### [DATASET EXCERPTS]
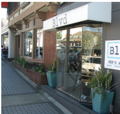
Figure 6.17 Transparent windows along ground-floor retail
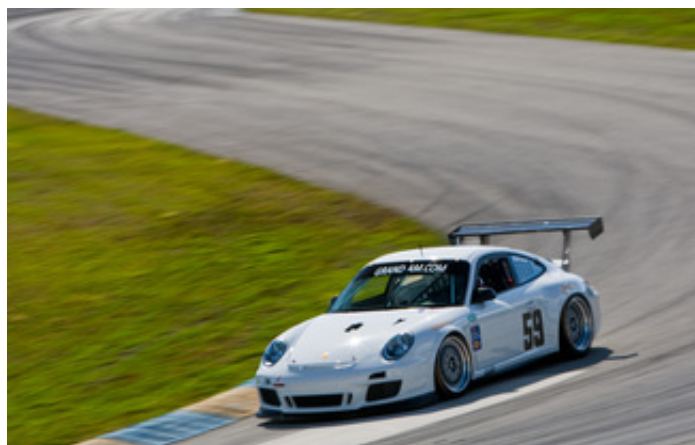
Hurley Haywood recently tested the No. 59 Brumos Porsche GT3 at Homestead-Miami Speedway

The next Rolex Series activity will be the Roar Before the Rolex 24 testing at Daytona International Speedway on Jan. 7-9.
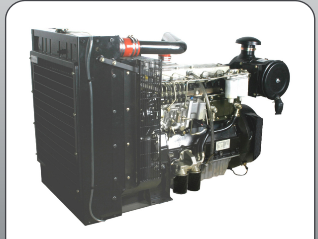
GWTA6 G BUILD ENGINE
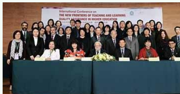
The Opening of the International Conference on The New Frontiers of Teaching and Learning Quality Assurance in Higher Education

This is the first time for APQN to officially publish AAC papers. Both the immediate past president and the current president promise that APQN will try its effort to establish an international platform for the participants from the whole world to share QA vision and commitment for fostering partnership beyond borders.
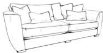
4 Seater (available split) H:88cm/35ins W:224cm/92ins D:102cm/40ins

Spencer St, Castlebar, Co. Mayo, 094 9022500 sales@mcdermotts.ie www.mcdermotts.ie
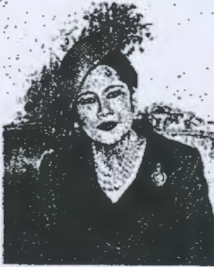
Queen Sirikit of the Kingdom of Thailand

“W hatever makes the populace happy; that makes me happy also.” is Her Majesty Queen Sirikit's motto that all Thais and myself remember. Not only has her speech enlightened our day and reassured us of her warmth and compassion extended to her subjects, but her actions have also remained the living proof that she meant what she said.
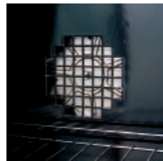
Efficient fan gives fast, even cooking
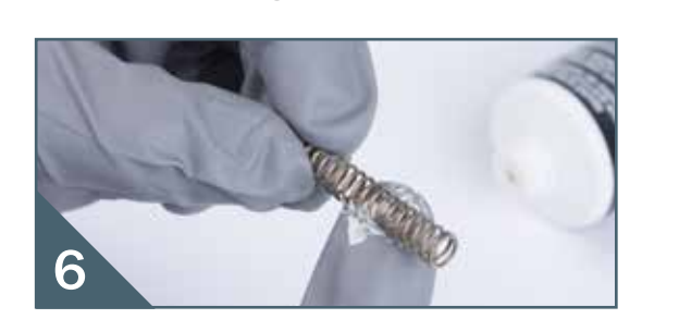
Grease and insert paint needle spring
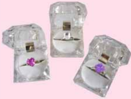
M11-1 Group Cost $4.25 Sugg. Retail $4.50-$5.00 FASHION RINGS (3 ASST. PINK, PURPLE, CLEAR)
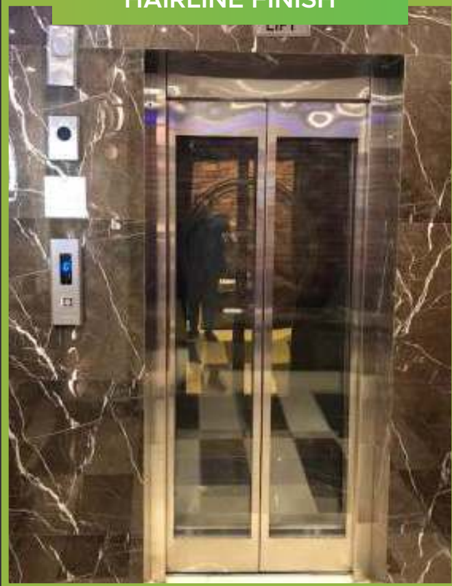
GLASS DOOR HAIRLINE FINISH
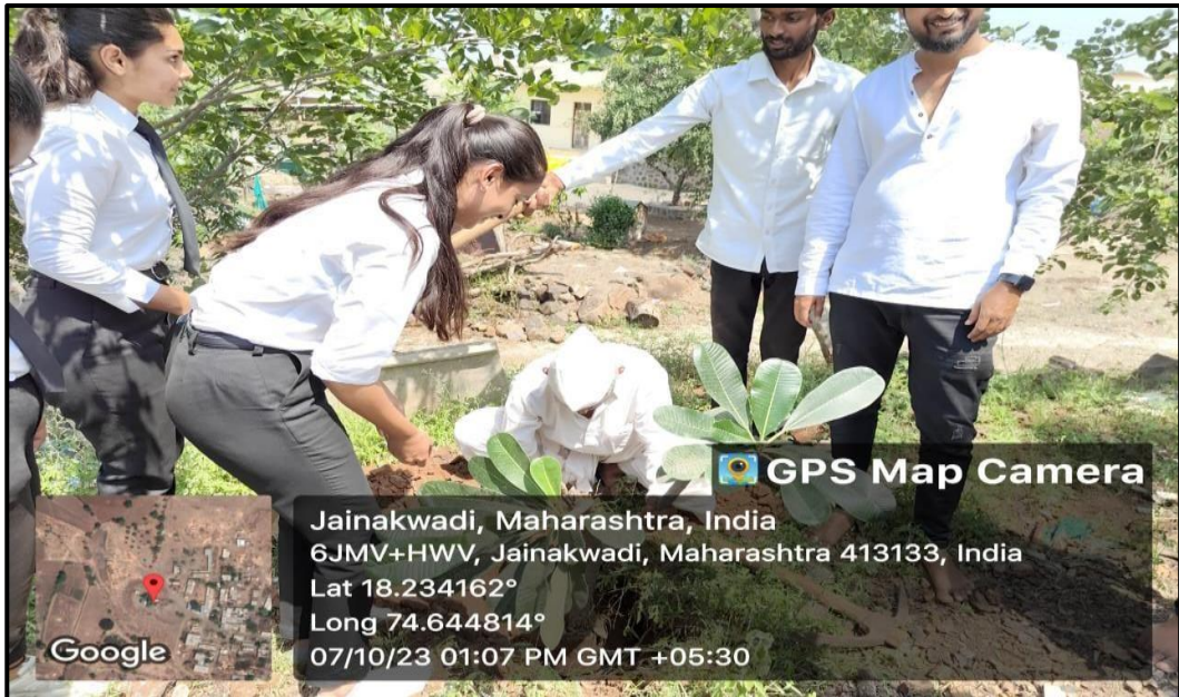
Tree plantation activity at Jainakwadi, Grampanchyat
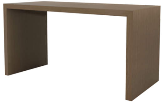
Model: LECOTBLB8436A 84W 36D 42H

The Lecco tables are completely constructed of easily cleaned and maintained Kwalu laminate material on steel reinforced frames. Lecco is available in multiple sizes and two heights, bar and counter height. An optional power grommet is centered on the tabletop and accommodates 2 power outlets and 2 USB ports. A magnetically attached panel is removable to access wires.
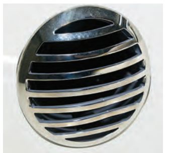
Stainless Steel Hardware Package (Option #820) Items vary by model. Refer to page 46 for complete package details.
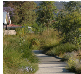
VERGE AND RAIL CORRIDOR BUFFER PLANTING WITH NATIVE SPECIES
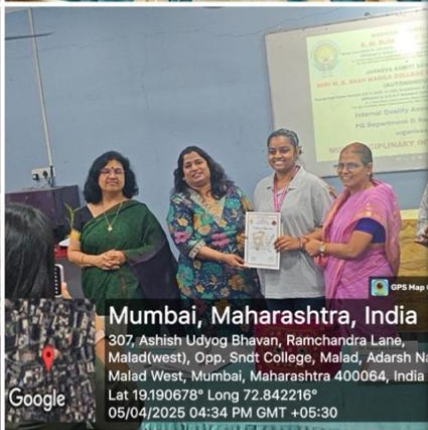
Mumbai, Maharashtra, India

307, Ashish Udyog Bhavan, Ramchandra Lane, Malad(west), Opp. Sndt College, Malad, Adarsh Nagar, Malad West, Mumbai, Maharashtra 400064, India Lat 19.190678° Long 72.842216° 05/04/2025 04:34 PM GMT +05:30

### [WORK REQUIRED]
The answer must be the lines above from the one containing "Hurley Haywood recently" through the one containing "The Opening of", reproduced exactly, with no pictures and nothing else.

### [THE ANSWER]
Hurley Haywood recently tested the No. 59 Brumos Porsche GT3 at Homestead-Miami Speedway

The next Rolex Series activity will be the Roar Before the Rolex 24 testing at Daytona International Speedway on Jan. 7-9.
GWTA6 G BUILD ENGINE
The Opening of the International Conference on The New Frontiers of Teaching and Learning Quality Assurance in Higher Education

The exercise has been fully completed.